An exact transcription of the listing, without its images, is what the answer must contain.

- [RECORDS PROVIDED]

______

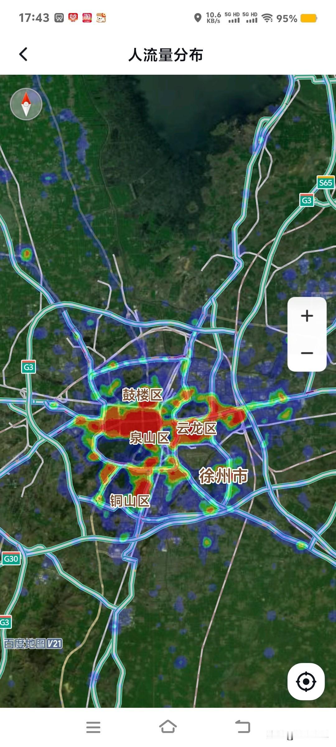 跨年夜,同比例热力图,临沂城区比徐州还大。人口难道临沂比徐州还多么?
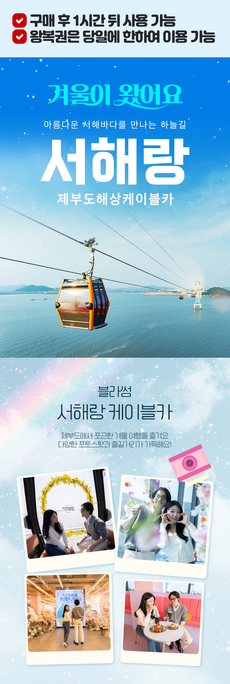 ※ 기상상황 악화 및 케이블카의 안전상 이유로 사전에 공지없이 조기운행 마감 또는 휴장될 수 있습니다.
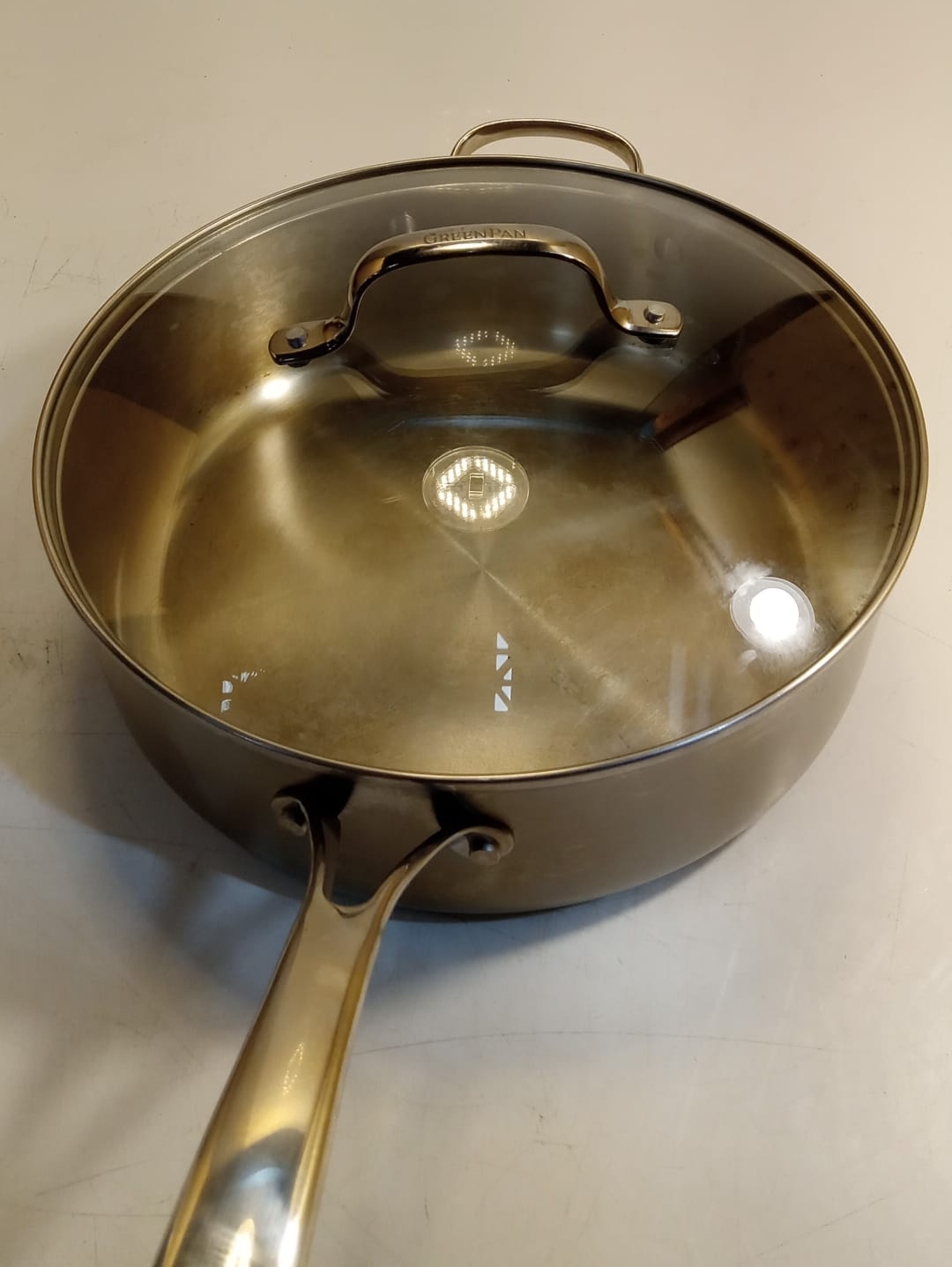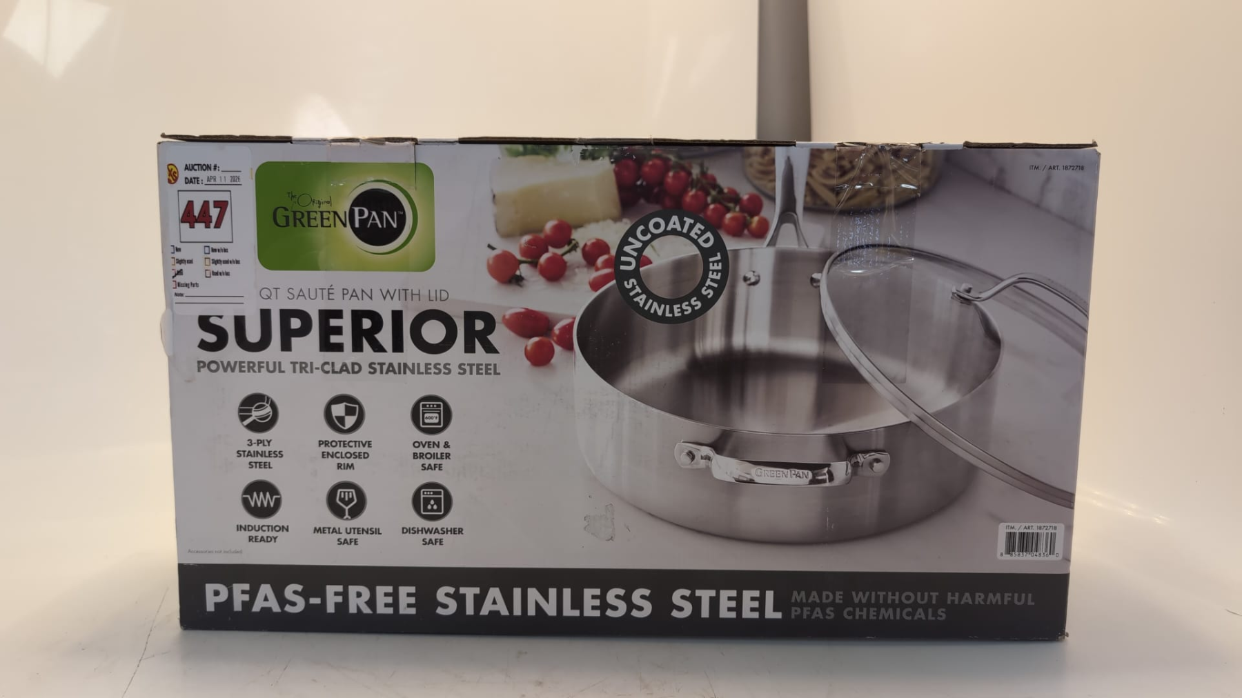 Lot 447 GREENPAN TRI-CLAD STAINLESS STEEL COVERED SAUTE PAN -U
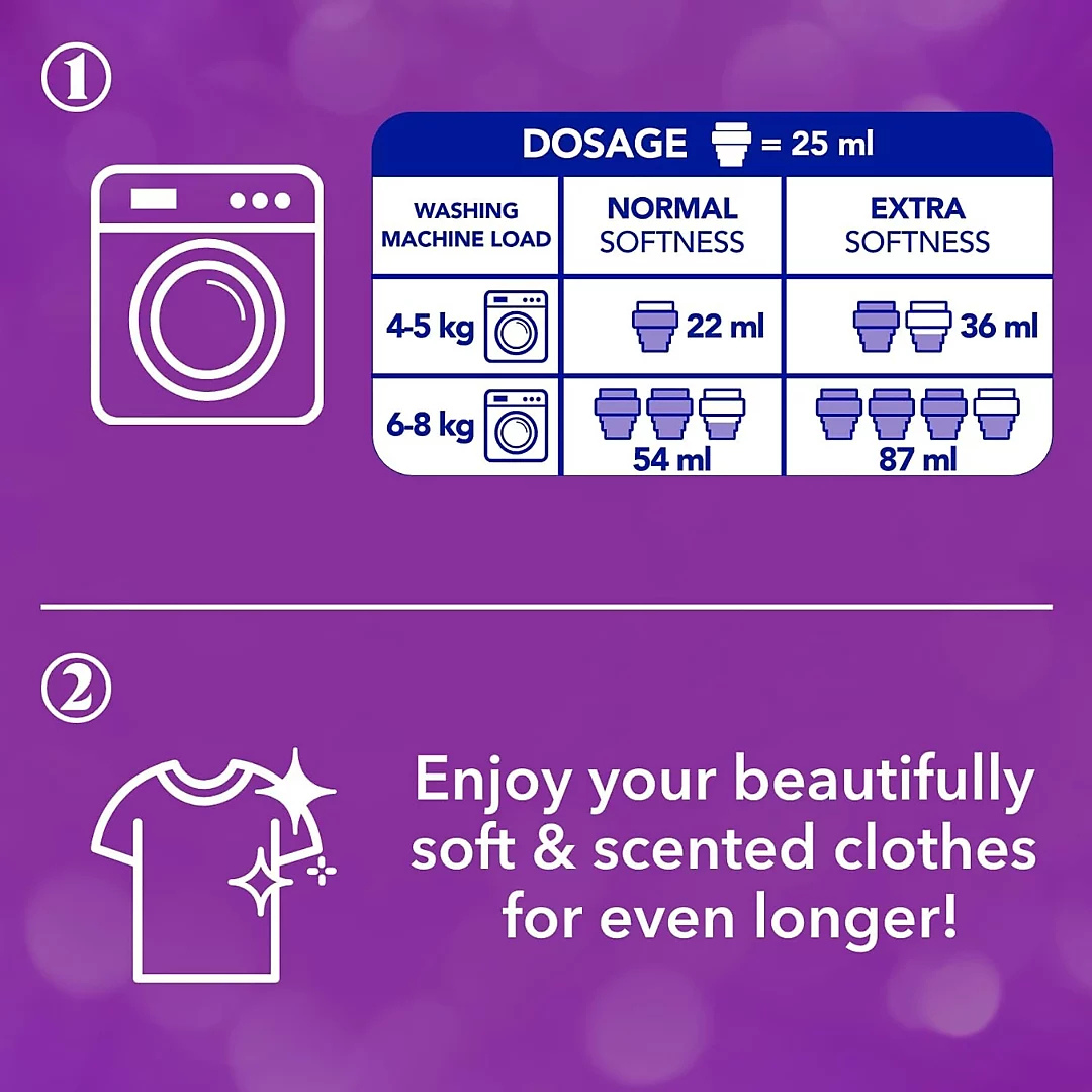 Tilsett tøymykneren i skyllemiddelkammeret i vaskemaskinen. Dosering: 4–5 kg vask: 22 ml (normal mykhet) eller 36 ml (ekstra mykhet). 6–8 kg vask: 54 ml (normal mykhet) eller 87 ml (ekstra mykhet). Må ikke helles direkte på tekstiler.
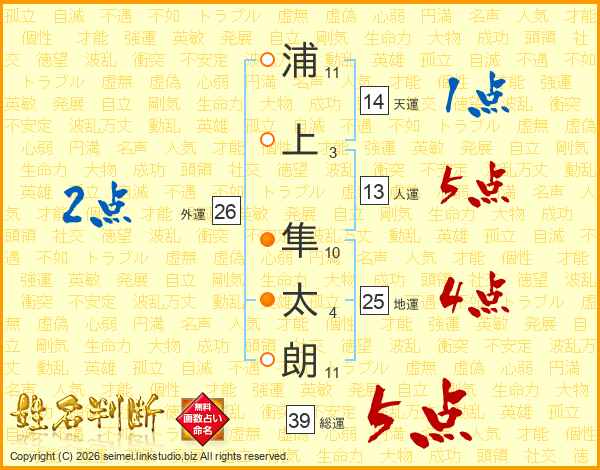 浦(11画)上(3画) 隼(10画)太(4画)朗(11画)
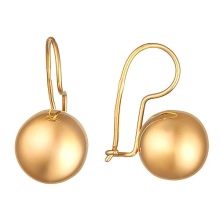 - Gold earrings in the form of an arc with a ball are neat and original. We can say that this product is "with a twist." It is not heavy, stylish and appropriate for various events, whether it be a fun party or a solemn meeting. The product will look beautiful with a deep neckline and high hairdo.
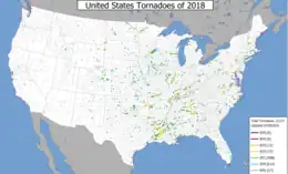 ![]() Map of the 2018 United States tornado paths from the results of storm surveys map data) | |
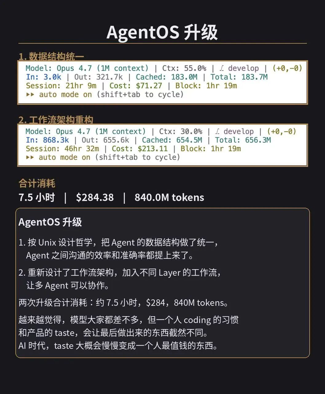 一次 AgentOS 升级的实测账单:7.5 小时、$284、8.4 亿 tokens。——独立开发者 Nathan(AI 博主“AI Nate”)
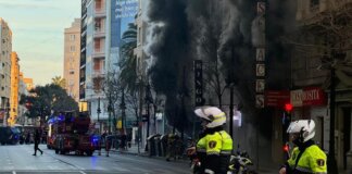 Los bomberos trabajan sin descanso para extinguir el incendio en un bingo en el centro de Valencia
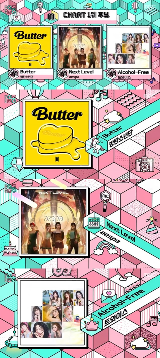 26일 방송된 MBC '쇼! 음악중심'에서는 방탄소년단의 'Butter', 에스파의 'Next Level', 트와이스의 'Alcohol-Free'가 1위 후보에 올랐다.
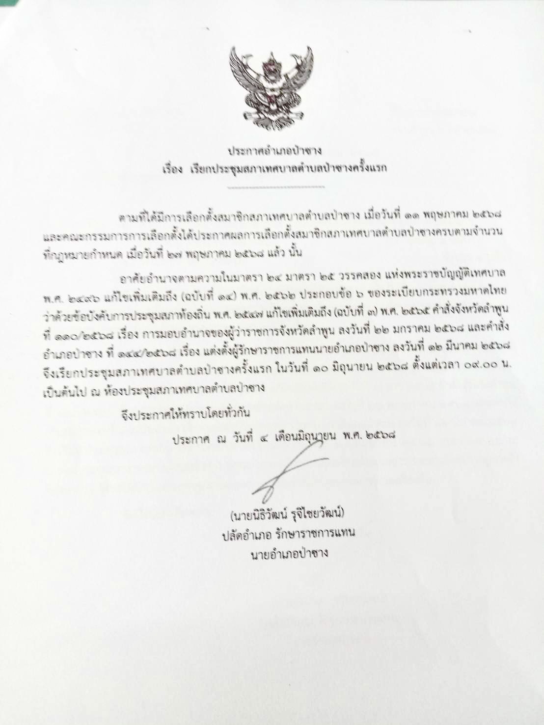 ประกาศอำเภอป่าซาง เรื่อง เรียกประชุมสภาเทศบาลตำบลป่าซาง

______

- [OUTPUT FOR THIS EXERCISE]
 跨年夜,同比例热力图,临沂城区比徐州还大。人口难道临沂比徐州还多么?
 ※ 기상상황 악화 및 케이블카의 안전상 이유로 사전에 공지없이 조기운행 마감 또는 휴장될 수 있습니다.
 Lot 447 GREENPAN TRI-CLAD STAINLESS STEEL COVERED SAUTE PAN -U
 Tilsett tøymykneren i skyllemiddelkammeret i vaskemaskinen. Dosering: 4–5 kg vask: 22 ml (normal mykhet) eller 36 ml (ekstra mykhet). 6–8 kg vask: 54 ml (normal mykhet) eller 87 ml (ekstra mykhet). Må ikke helles direkte på tekstiler.
 浦(11画)上(3画) 隼(10画)太(4画)朗(11画)
 - Gold earrings in the form of an arc with a ball are neat and original. We can say that this product is "with a twist." It is not heavy, stylish and appropriate for various events, whether it be a fun party or a solemn meeting. The product will look beautiful with a deep neckline and high hairdo.
 ![]() Map of the 2018 United States tornado paths from the results of storm surveys map data) | |
 一次 AgentOS 升级的实测账单:7.5 小时、$284、8.4 亿 tokens。——独立开发者 Nathan(AI 博主“AI Nate”)
 Los bomberos trabajan sin descanso para extinguir el incendio en un bingo en el centro de Valencia
 26일 방송된 MBC '쇼! 음악중심'에서는 방탄소년단의 'Butter', 에스파의 'Next Level', 트와이스의 'Alcohol-Free'가 1위 후보에 올랐다.
 ประกาศอำเภอป่าซาง เรื่อง เรียกประชุมสภาเทศบาลตำบลป่าซาง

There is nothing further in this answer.